Le grand cloître dit « de Michel-Ange » - Le palais Massimo alle terme – Les peintures de fresques

 

Rome Castro Pretorio Termes de Dioclétien 2

Les thermes de Dioclétien ont subi de nombreuses modifications et aménagements : hangars, écuries, église, cloître, grenier à céréales, magasin à huile, mais surtout carrière de matériaux !

En 1889, un accord est trouvé entre le gouvernement et la municipalité de Rome pour que les thermes accueillent le Musée national romain créé pour conserver la collection archéologique la plus importante du monde, issue de collections privées et de découvertes récentes. Le grand cloître des Chartreux servait déjà depuis plusieurs années de magasin où l’on entreposait les antiquités. La collection est actuellement éclatée sur quatre sites : les thermes, le Palazzo Massimo, le Palazzo Altemps et la crypte Balbi.

Le grand cloître, qui aurait été imaginé par Michel-Ange, fut construit vers 1565. Ses arcades de 80 mètres de côté et composées, dit-on, de cent colonnes abritent stèles, sarcophages et statues antiques.

« Au milieu du cloître s’élèvent quatre cyprès Cet arbre noir et silencieux, que le vent même agite difficilement, n’introduit pas le mouvement dans ce séjour. Entre les cyprès, il ya une fontaine d’où sort un peu d’eau que l’on entend à peine, tant le jet en est faible et lent ; on dirait que c’est la clepsydre qui convient à cette solitude, où le temps fait si peu de bruit »[1].

Dans les arcades Nord-ouest, le long de la Piazza delle Finanze, subsiste la structure si particulière des cloîtres des Chartreux : huit petites maisonnettes avec leurs jardins dans la solitude desquelles les Chartreux dorment, mangent, travaillent, méditent et prient isolément.

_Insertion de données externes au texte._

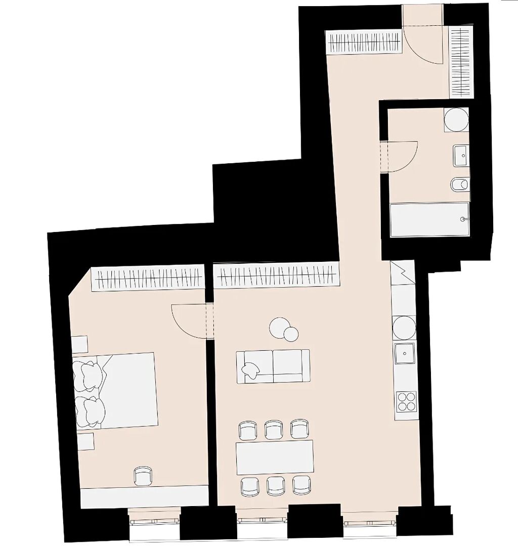Byt nabízí užitnou plochu 61 m² (velké stropy a velmi vzdušný byt), což poskytuje dostatek prostoru pro pohodlné bydlení jednotlivce nebo páru. Díky provedené rekonstrukci je v bytě k dispozici moderní vybavení a kvalitní materiály, které zajišťují komfort a příjemnou atmosféru. Elegantní interiér a dokonalé využití prostoru dělají z tohoto bytu ideální místo pro život v hlavním městě.
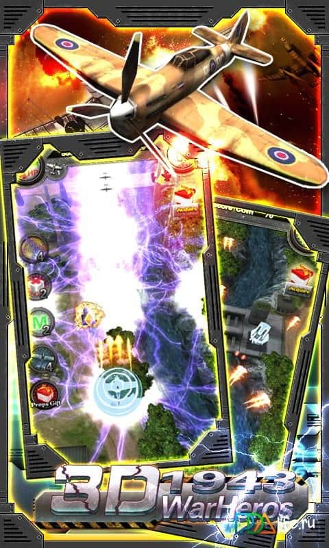 The War Heroes 1943-3D - в этой игре вы станете героем времен Второй Мировой войны, в которой вы будет управлять боевым самолетом. Стреляйте с помощью мощного оружия по врагам, применяйте защитный шит и сбрасывайте бомбы на стратегические объекты соперника. Игра порадует вас яркими звуковыми эффектами и возможностью управлять своим самолетом с помощью одного прикосновения. Выбирайте один из двух режимов и играйте с другими игроками со всего мира.

Les arcades du grand cloître assurent la circulation, à l'abri des intempéries, entre maisonnettes et vers les lieux communs, petit cloître, église, réfectoire, chapitre.

Le musée des thermes a connu une rénovation récente qui permet certes de voir des stèles funéraires, des sarcophages, mais surtout d’aborder quelques thèmes particuliers : la naissance de la civilisation du Latium, la naissance et la diffusion de l’écriture latine.

Une partie importante de la collection d’antiques a été installée dans le Palazzo Massimo alle Terme, un édifice quadrangulaire construit de 1883 à 1887 par l'architecte Camillo Pistrucci sur le modèle des palais Renaissance. Il est bâti sur l'emplacement de l'ancienne villa du cardinal Felice Peretti, futur Sixte Quint (1585 / 1590) passée ensuite à la famille Massimo, qui lui a donné son nom. A sa place, le jésuite Massimiliano Massimo a fait bâtir ce nouvel édifice, qui devint un établissement d'enseignement jésuite jusqu'en 1960. En 1981, l'État italien s’est porté acquéreur du bâtiment pour assurer l’exposition de ses collections.

J’avoue avoir été logé à de nombreuses reprises à proximité du Palazzo Massimo alle Terme et être passé mille fois devant… en l’ignorant superbement ! C’est que les copies architecturales fin XIXe, pseudo-grecques, pseudo-romaines, pseudo-byzantines, pseudo-romanes, pseudo-gothiques, pseudo-renaissance ou pseudo-n’importe-quoi dont cette fin de siècle s’est rendue coupable m’horripilent au plus haut point. Cette bourgeoisie de nouveaux riches manquait totalement de goût, bornant ses ambitions culturelles à l’imitation des siècles passés, ne sachant que rajouter de la surcharge décorative là où il n’y avait nul besoin.

Bref, j’avais tort, car si le coffret est des plus quelconques, son contenu est extraordinaire. Une perle dans une huitre ! Non seulement la muséographie est agréable mais les œuvres présentées sont de très grande qualité, notamment l’étage consacré aux peintures murales. Frustrés suite à notre visite à Pompeï où les principales villas étaient fermées et le site dans un état de dégradation scandaleux, nous pouvons ici bénéficier d’un ensemble de décorations des maisons de Livie et sous la villa de la Farnesina, dont les pièces d’habitation ont été reconstituées. Les motifs, les couleurs, les paysages ou les scènes représentées manifestent d’une grande inventivité et j’en viens à penser que les Romains étaient de bien meilleurs artistes-peintres que des sculpteurs un peu besogneux reproduisant à l’envie des œuvres grecques.